Thank you for the information. Sounds complicated so I think I will just go for the regular front suspension unit.
I'm not sure what a regular front suspension unit is on a non-tilting tadpole trike let alone a tilting one. Suspending tadpole front wheels is difficult at best and going to make matters worse at worst. You can utilise sliding kingpins like this...
Or if you feel adventurous like this..
This has the advantage of simplicity but the drawback of slop in the fixing of the wheel with the simpler of the systems as very few joint systems are designed to slide in that manner. You need a strong sliding component to take the stress. The worry is the wheel juddering under stress. If you go this way then have the axle above the chassis as the top picture. Placing it under means the exposed non supported kingpin to axle mount length length is at a maximum meaning extra stress. Above, as per the picture, keeps the extended part of the kingpin in the lower stress role of suspension tie-in only. Suspension sag will eliminate some of that advantage but not all by any means.

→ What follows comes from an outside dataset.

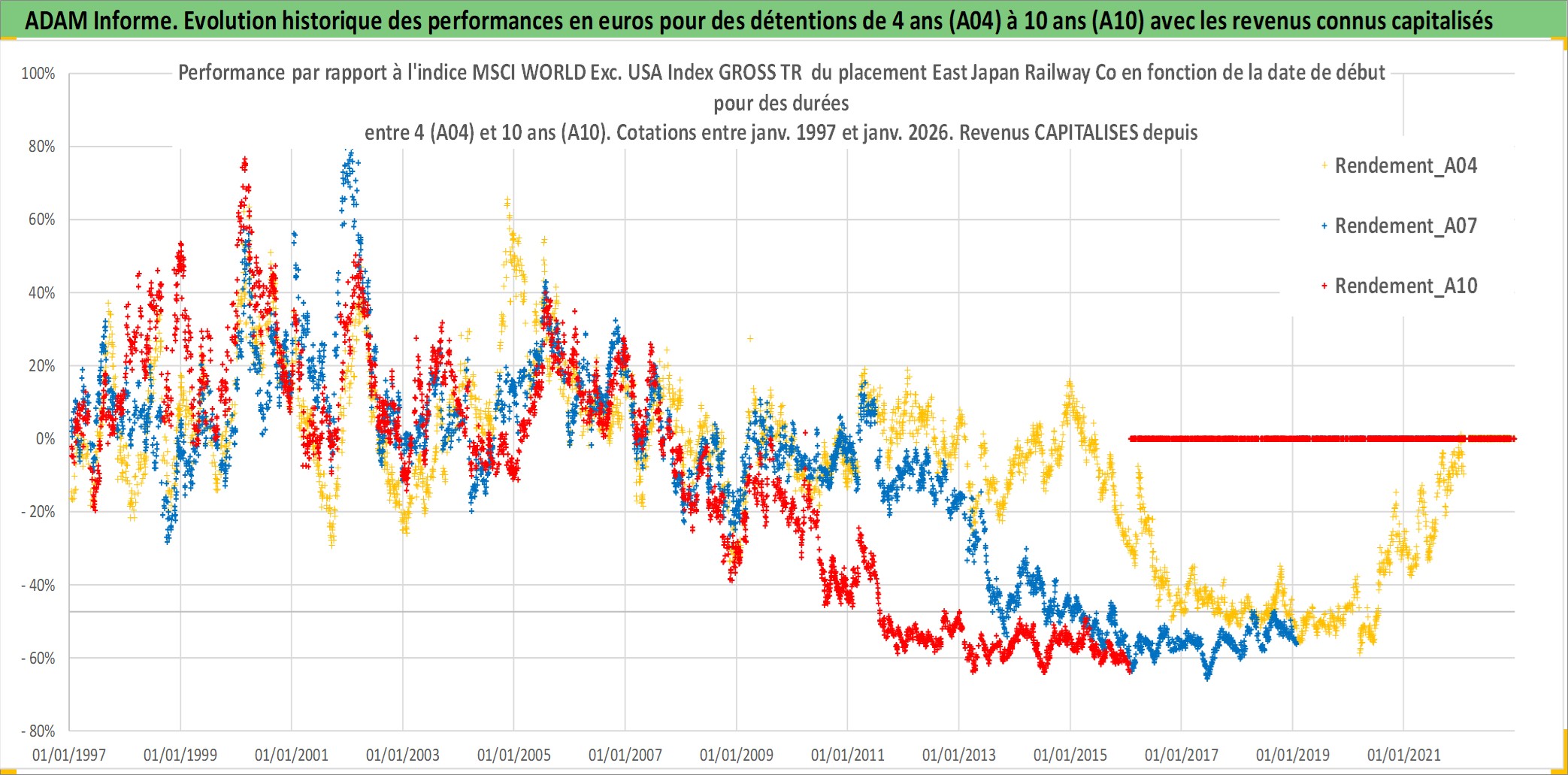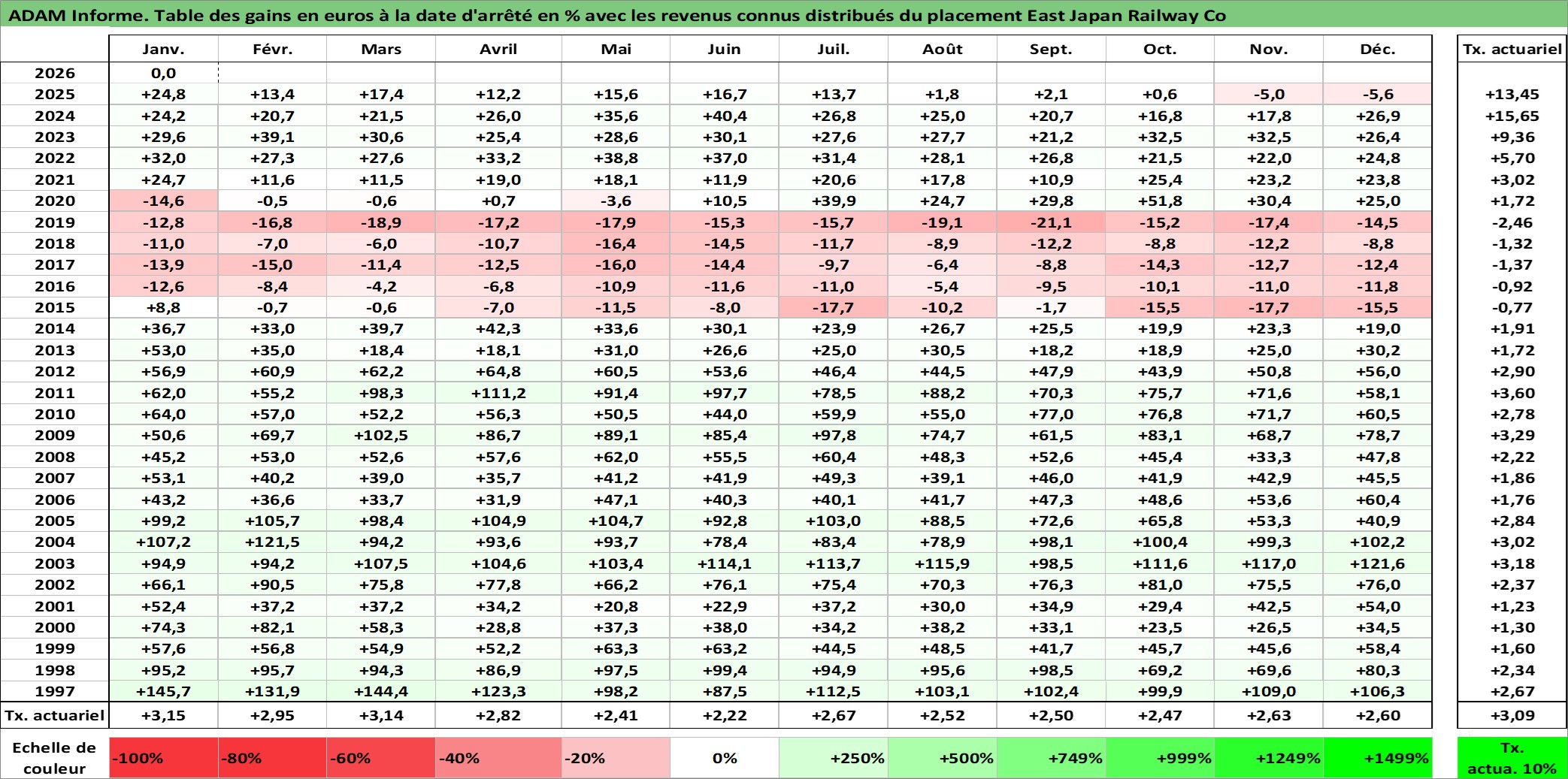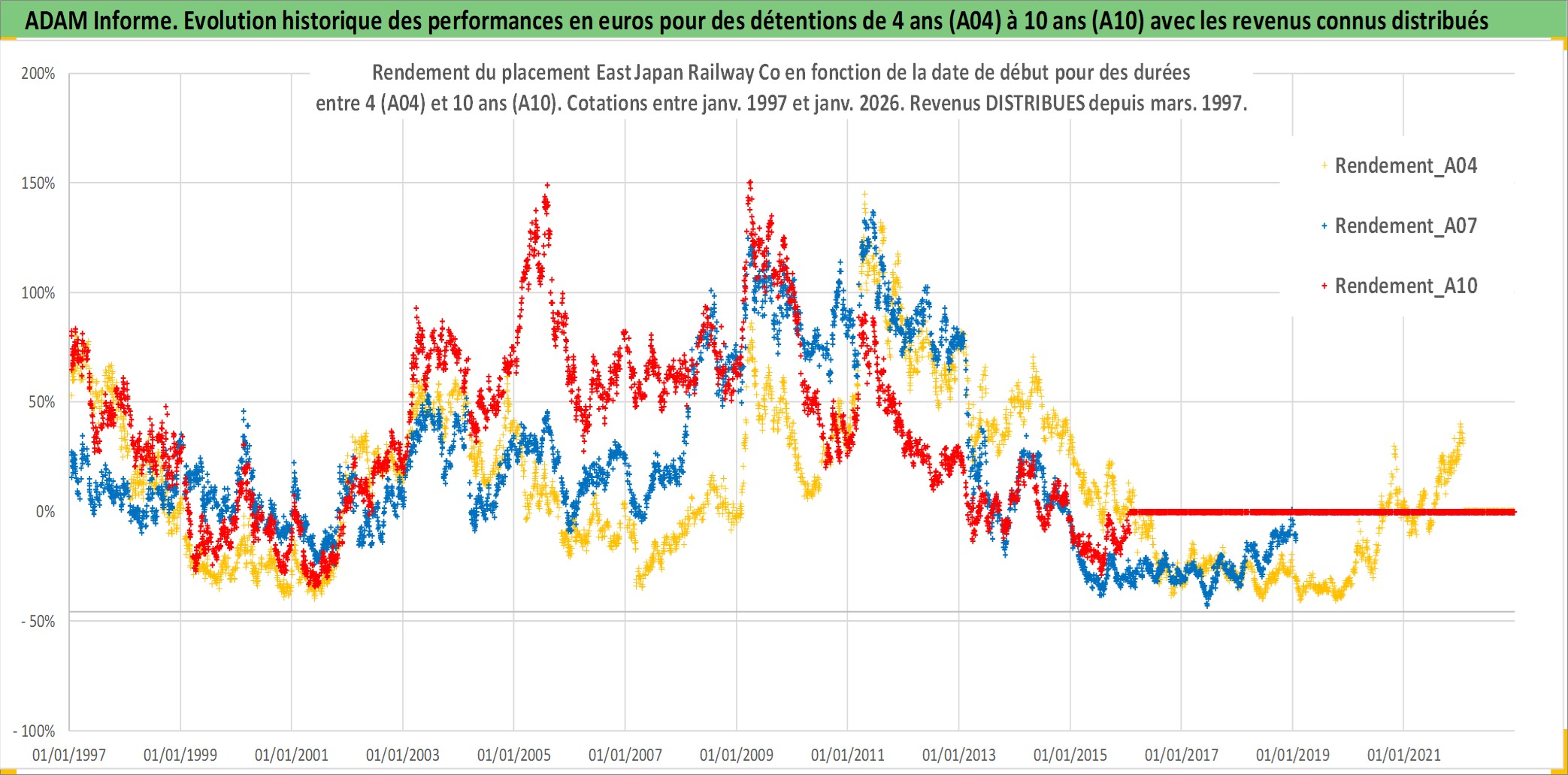 Site dédié aux investisseursPage dédiée sur site financeAnalyse des valorisations hebdomadaires de l'action East Japan Railway Co. Cet actif est cote en JPY. Les valorisations sont en contrevaleur EURO et couvrent les semaines 1997W01 a 2026W05. Les revenus de cet actif financier sont pris en compte depuis la semaine 1997W13. La note globale ESG de cet actif est estimee a 7.0 (apres rebasage entre 0 et 20).

There is what may be termed standard wishbone suspension.
Advantages are good control of the wheels and can be designed to have no bump steer. Disadvantages are extra fabrication and needs planning to clear heels and chain runs etc.
Then there's Macpherson strut.
Advantage is good control. Downsides are weight and strain on chassis design. Note the size of the chassis to the top of the strut.
One of the best front suspension systems IMO is composite leaf.
Simple and elegant. Difficult to get the correct rate without trial and error.
One of the big downsides to any suspension is the steering arms. The arms have to move to accommodate the wheel movement. This ideally needs a pivot in the steering arm in direct alignment with the pivot of the suspension so as to not lengthen or shorten the arm length required as the wheel moves. This generally means lots of linkages so complex and expensive. Failure to do this leads to bump steer. This starts to get awkward to plan and build on a non-tilter. Add tilting into the equation and your list of design necessities gets longer. You find a solution to the problem only to find you then have no acceptable route for the chain or similarly two components wanting the same space under differing conditions (a steering draglink is particularly an issue of wanting space it can't have). It also means the rod ends need a LOT of extra articulation to accommodate all this extra movement. Running out of a rod end's movement arc is going to end in disaster. I had to utilise special spacers to maximise rod end articulation. It can be done but you need to plan carefully and/or have an ability to envisage the whole system in your head as it moves.
Another drawback of any type of front suspension on a non-tilter is it encourages the trike to lean out in a turn so keeping the suspension movement small is desirable. Tilters do not suffer this issue. Pretty much any suspension system can be utilised with a tilter but expect issues to arise with regard to everything moving as it needs to. Use rod ends with thin casings and alignment spacers to maximise articulation and unless you can overcome every design issue to get perfect geometry at all lean angles and steering inputs expect performance to suffer due to those compromises. It was the compromises that cost my mk2 tilter it's place and it has since been recycled as a result. The non-suspended mk3 is a vastly better machine.